The Company’s operating income for the six months ended June 30, 2013 was $35.7 million, an increase of $5.2 million, compared to the same period in 2012. Gross margin increased by $11.0 million in the six months ended June 30, 2013, compared to the same period in 2012. Approximately $3.7 million of the gross margin increase was the result of colder weather during 2013 on the Delmarva Peninsula and in Florida, compared to 2012. Other operating expenses increased by $5.9 million in the six months ended June 30, 2013, compared to the same period in 2012.

Regulated Energy

Operating income for the regulated energy segment increased by $622,000 to $25.9 million for the six months ended June 30, 2013, compared to the same period in 2012. An increase in gross margin of $4.3 million was partially offset by an increase in other operating expenses of $3.7 million. The significant components of the gross margin increase included:

•$2.7 million due to natural gas growth resulting from: (a) major service expansions initiated in 2012 and 2013; and (b) additional residential, commercial and industrial customer growth on the Delmarva Peninsula and in Florida;
•$1.0 million as a result of higher consumption by natural gas and electric customers due to temperatures in 2013 that returned to more normal levels (primarily during the first quarter); and
•$538,000 in gross margin generated from approximately 11,000 customers acquired from ESG in late May, which are now served by Sandpiper.
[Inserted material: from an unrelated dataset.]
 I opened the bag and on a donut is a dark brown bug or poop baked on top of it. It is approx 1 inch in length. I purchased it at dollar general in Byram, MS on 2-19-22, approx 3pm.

Included in other operating expenses for the six months ended June 30, 2013 were (a) a one-time sales tax expense of $759,000 related to the purchase of the ESG operating assets, (b) $463,000 in other operating expenses associated with Sandpiper’s operation, (c) an increase of $917,000 in the accrual for incentive bonuses as a result of the timing of bonus recognition, increased participation in the bonus program, and the Company’s financial performance on a year-to-date-basis, (d) $616,000 in increased administrative costs, such as accounting, information technology and insurance costs, and (e) $699,000 in additional investments in corporate resources to further develop the Company’s capability to capitalize on future growth opportunities.

Unregulated Energy

Operating income for the unregulated energy segment increased by $5.1 million to $9.8 million for the six months ended June 30, 2013, compared to the same period in 2012. An increase in gross margin of $6.8 million was partially offset by an increase in other operating expenses of $1.8 million. The significant components of the gross margin increase included:

•$3.3 million in increased gross margin generated from higher retail propane margins from a significant decrease in the average wholesale market price of propane, which lowered the Company’s cost of propane sales;
•$2.7 million in additional gross margin due to temperatures that returned to more normal levels causing higher consumption by propane customers (primarily during the first quarter);
•$967,000 in increased gross margins generated from higher propane sales volume, including $561,000 in additional gross margin generated from serving the customers acquired from Glades; and
•$936,000 in lower gross margin generated by Xeron, as lower volatility in wholesale propane prices resulted in fewer opportunities for trading activity.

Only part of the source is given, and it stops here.